## What to produce:
Repeat exactly the lines of the entries below from the one with "Self-Portrait Navy Denim" through the one with "Đồng chí Phó", both ends included, and nothing else.

## Data shown:
========================================
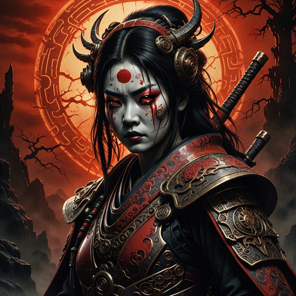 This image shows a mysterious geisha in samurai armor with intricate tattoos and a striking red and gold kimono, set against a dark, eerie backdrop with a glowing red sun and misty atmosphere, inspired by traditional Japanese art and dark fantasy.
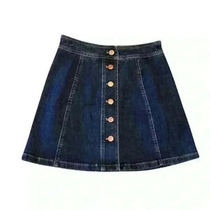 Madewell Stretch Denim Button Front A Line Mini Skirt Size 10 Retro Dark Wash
========================================
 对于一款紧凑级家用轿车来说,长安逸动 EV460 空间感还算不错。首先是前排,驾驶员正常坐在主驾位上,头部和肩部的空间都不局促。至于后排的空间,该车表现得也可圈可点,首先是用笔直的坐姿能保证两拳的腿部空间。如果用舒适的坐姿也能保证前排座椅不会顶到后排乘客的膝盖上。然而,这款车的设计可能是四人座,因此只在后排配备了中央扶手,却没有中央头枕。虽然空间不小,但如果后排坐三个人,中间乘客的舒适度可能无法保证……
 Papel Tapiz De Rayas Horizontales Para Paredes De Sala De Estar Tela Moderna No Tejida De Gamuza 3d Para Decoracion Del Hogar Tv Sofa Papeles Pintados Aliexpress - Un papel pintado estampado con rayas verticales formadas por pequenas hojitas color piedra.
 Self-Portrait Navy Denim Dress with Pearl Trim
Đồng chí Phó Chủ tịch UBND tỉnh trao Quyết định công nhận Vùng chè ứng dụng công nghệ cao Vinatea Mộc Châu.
========================================
## Answer for this exercise:
 Self-Portrait Navy Denim Dress with Pearl Trim
Đồng chí Phó Chủ tịch UBND tỉnh trao Quyết định công nhận Vùng chè ứng dụng công nghệ cao Vinatea Mộc Châu.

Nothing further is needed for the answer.